INFORMATION GIVEN
--------
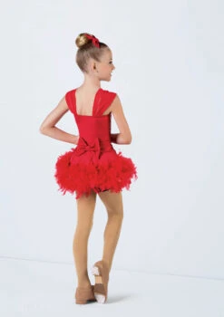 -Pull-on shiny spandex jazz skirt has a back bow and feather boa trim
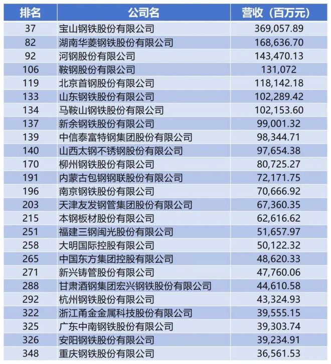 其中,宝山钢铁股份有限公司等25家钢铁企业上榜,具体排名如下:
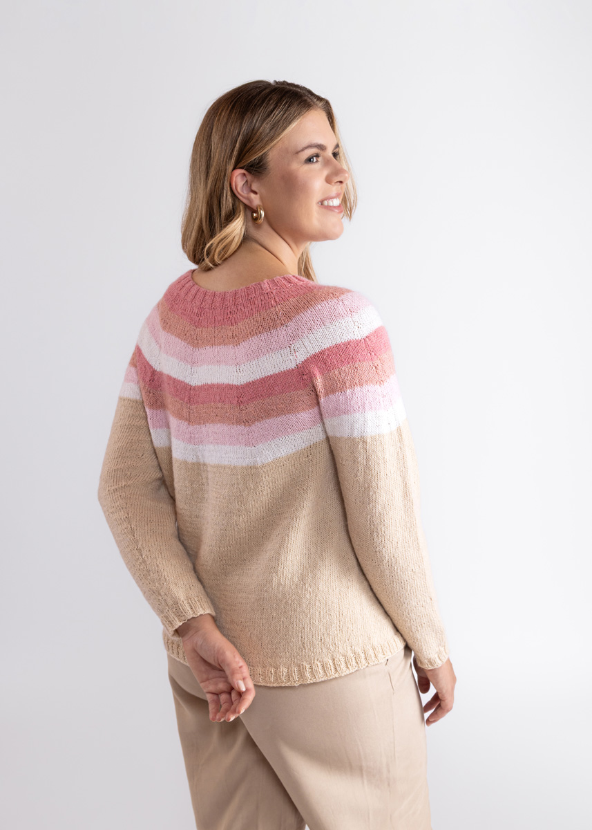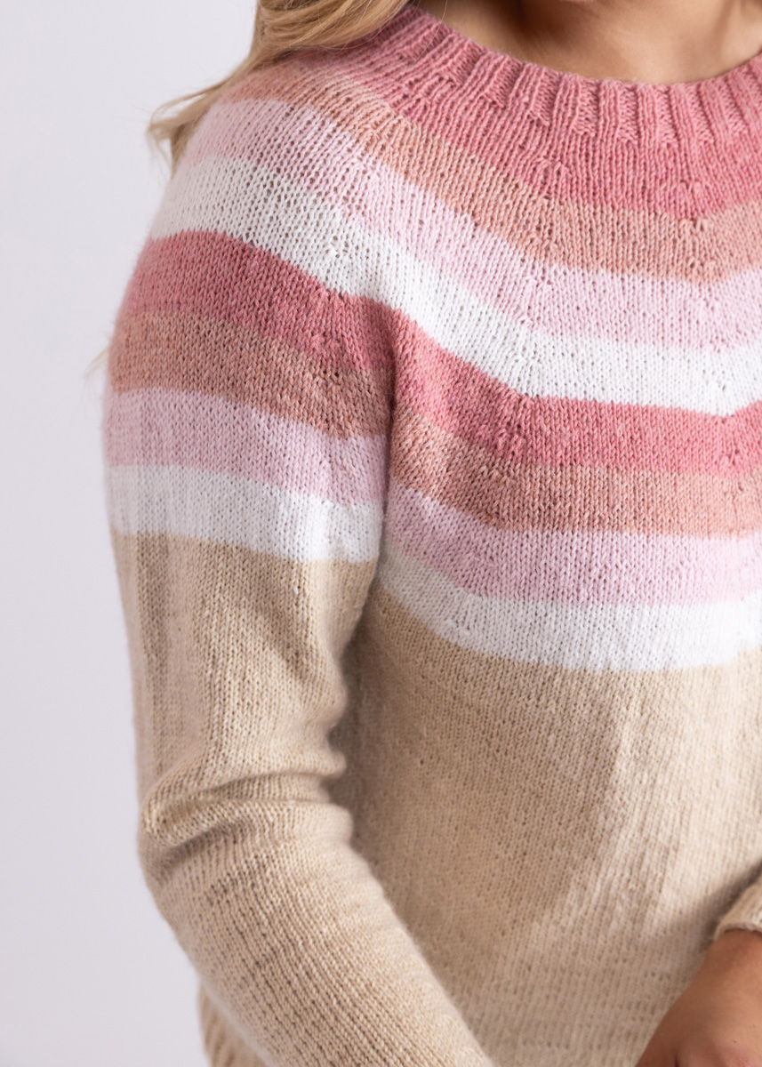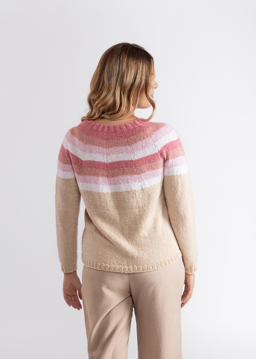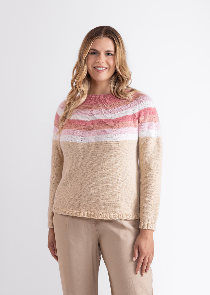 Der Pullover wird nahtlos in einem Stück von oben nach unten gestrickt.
--------
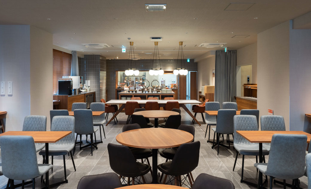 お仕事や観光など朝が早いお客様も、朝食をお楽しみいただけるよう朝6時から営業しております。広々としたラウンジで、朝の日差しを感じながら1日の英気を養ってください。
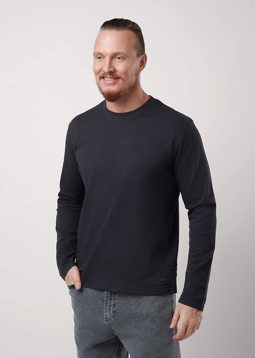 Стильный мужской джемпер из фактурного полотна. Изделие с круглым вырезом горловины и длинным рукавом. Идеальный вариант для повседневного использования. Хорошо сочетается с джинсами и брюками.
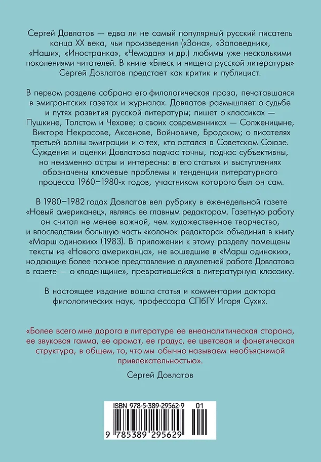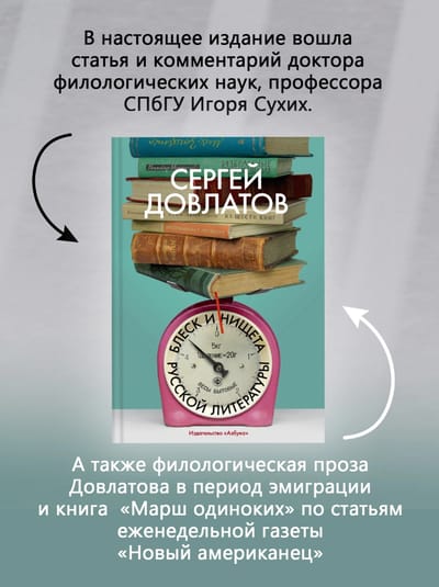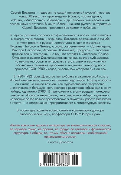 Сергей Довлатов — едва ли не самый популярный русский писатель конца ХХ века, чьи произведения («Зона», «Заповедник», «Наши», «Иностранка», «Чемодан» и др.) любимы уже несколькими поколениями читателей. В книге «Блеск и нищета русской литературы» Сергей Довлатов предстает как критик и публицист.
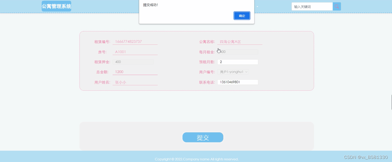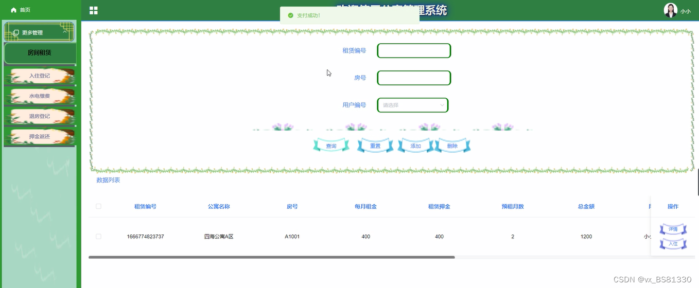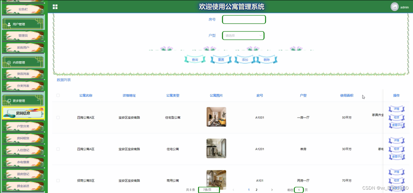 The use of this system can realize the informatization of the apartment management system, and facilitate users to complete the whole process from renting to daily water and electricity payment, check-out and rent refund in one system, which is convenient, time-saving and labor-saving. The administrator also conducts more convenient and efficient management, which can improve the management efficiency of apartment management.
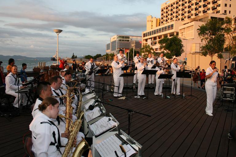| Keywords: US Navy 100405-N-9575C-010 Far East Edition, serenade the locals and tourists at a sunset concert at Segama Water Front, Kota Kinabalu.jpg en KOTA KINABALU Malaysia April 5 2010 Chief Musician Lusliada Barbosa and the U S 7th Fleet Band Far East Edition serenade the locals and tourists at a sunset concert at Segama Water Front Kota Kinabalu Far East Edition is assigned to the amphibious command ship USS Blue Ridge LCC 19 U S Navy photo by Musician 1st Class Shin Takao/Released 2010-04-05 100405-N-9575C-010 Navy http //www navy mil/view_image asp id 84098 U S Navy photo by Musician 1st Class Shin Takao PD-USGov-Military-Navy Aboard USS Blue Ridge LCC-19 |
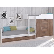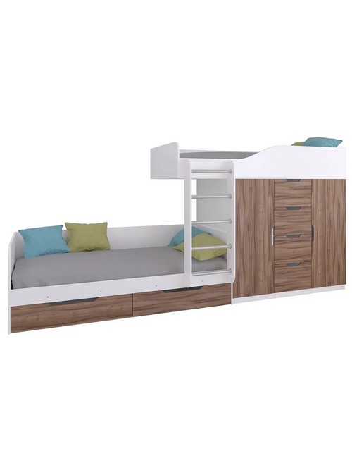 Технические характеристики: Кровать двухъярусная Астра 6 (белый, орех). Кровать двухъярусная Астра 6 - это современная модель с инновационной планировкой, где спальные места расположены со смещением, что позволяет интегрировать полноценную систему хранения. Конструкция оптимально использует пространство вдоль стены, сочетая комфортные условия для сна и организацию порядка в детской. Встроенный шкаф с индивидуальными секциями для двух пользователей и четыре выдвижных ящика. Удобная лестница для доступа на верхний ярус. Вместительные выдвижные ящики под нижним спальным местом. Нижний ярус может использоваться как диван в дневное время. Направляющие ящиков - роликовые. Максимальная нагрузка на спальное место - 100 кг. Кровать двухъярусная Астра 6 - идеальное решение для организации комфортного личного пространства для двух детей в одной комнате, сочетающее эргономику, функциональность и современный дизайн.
--------
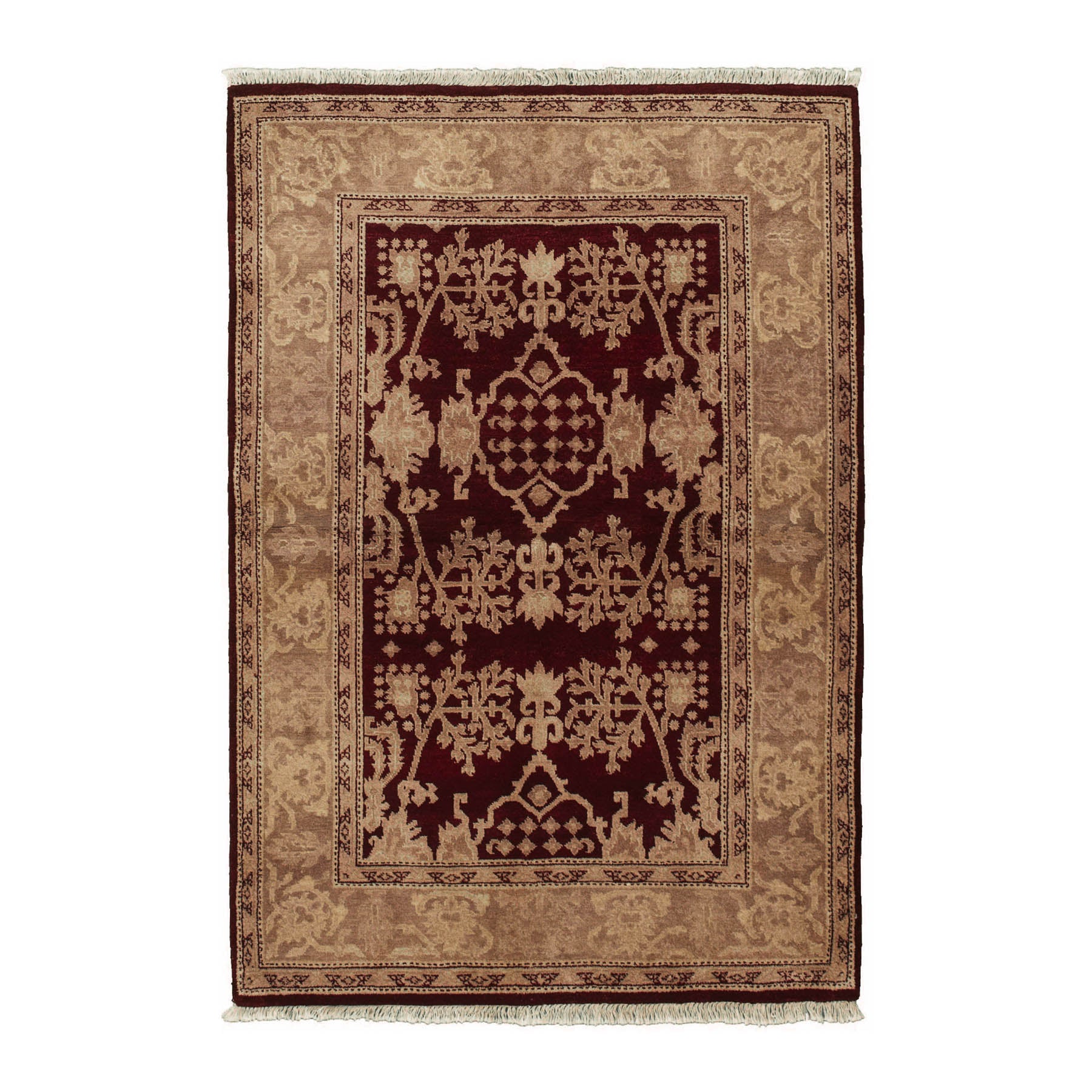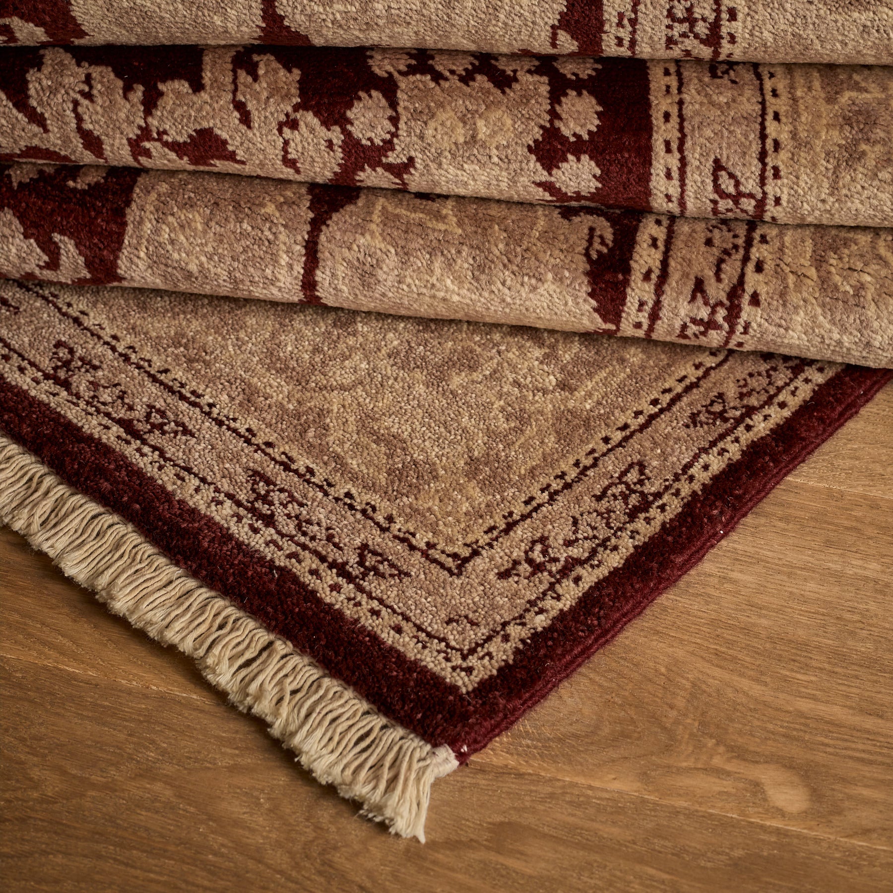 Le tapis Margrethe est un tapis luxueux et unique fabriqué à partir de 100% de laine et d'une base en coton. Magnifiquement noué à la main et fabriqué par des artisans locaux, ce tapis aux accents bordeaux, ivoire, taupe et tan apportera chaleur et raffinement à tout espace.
--------
WHAT YOU NEED TO DO
Using the entries above, extract exactly the lines from the one that contains "-Pull-on shiny spandex" through the one that contains "Der Pullover wird". Do not carry over any pictures.

ANSWER TO THIS TASK
 -Pull-on shiny spandex jazz skirt has a back bow and feather boa trim
 其中,宝山钢铁股份有限公司等25家钢铁企业上榜,具体排名如下:
 Der Pullover wird nahtlos in einem Stück von oben nach unten gestrickt.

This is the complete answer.